Another of the panellists on the program, Dr. Danielle Martin, author and VP at Women’s College Hospital, warns of a surplus of doctors:

“In fact you know in some parts of the healthcare system, people are worried about a glut and you hear stories of people coming out [of medical schools] and being unable to find a job.”

That’s certainly not the view from the streets of Kamloops. NDP candidate Nancy Bepple regularly visited lines of people lined up at a clinic to see a doctor. An estimated 30,000 Kamloopsians don’t have a family doctor (one-third of the population). In B.C. overall, it’s 15 per cent.

Why can’t people find doctors if there’s so many of them? Are they hiding?

Well, some of them have chosen to work for a salary rather than billing for each patient. They work exclusively in hospitals says Dr. Chris Pengilly of Victoria, another of the panellists. He calls them “hospitalists.”

They prefer to work only 40 hours a week. Who can blame them? And they are paid better. At $150 an hour, a hospitalist makes $300,000 a year with no overhead. After paying staff and rent, a family doctor would have to earn $400,000 a year, to take home that much; and work longer hours with less support.

The choice is obvious says Dr. Pengilly:

“So anybody coming out of medical school with a big student loan, which do you think they’re going to go for? A family physician [with] no time in hours a week or a hospitalist 40 hours a week and $300,000 with minimal expenses?”
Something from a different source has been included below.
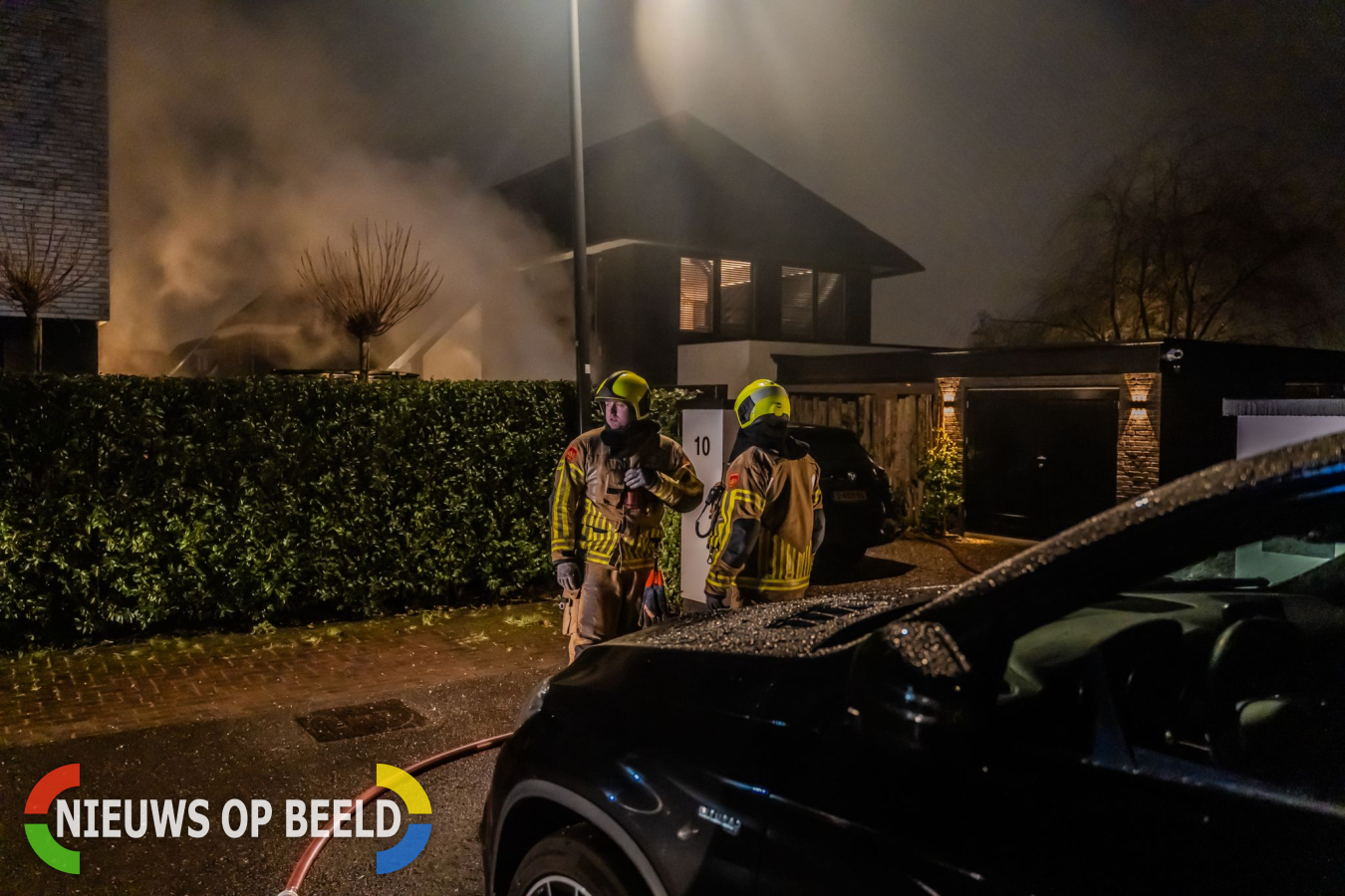 De auto stond op de oprit van de woning. De brandweer voorkomen dat de brandweer mogelijk zou overslaan naar het huis welke voorzien was van een rieten kap. Gelukkig was het accupakket van de BMW IxDrive 40 niet gaan branden.

Furthermore, hospitalists don’t want to work alone says Dr. Rachlis “Well, I say good for them that they’re looking to work in teams with other groups, with other physicians.”

One-half of Canada’s physicians focus on sports medicine or palliative care, says Dr. Martin:

“. . .they’re not practicing what we would think of as full scope full service cradle-to-grave primary care family medicine, and that is what those people who are lining up at Dr. Pengilly’s clinic and asking [for a primary caregiver].”

The current model is not working because doctors no longer want to work in the silos of a fee-for-service practice.

It’s ironic that the provincial government has created a hospital environment which doctors prefer to work but one that removes them from the general public.

The solution is obvious but the BC Liberals have been slow to implement it: Build walk-in clinics and hire doctors on a salary basis. Everyone, doctors and patients alike, will be happier.

It’s going to cost more because the government will own the clinics. But the alternative, privately-built clinics, is a failure. The reason that two walk-in clinics in North Kamloops closed their doors is because doctors don’t want to work for less in an environment where they don’t have the same support that hospitalists enjoy.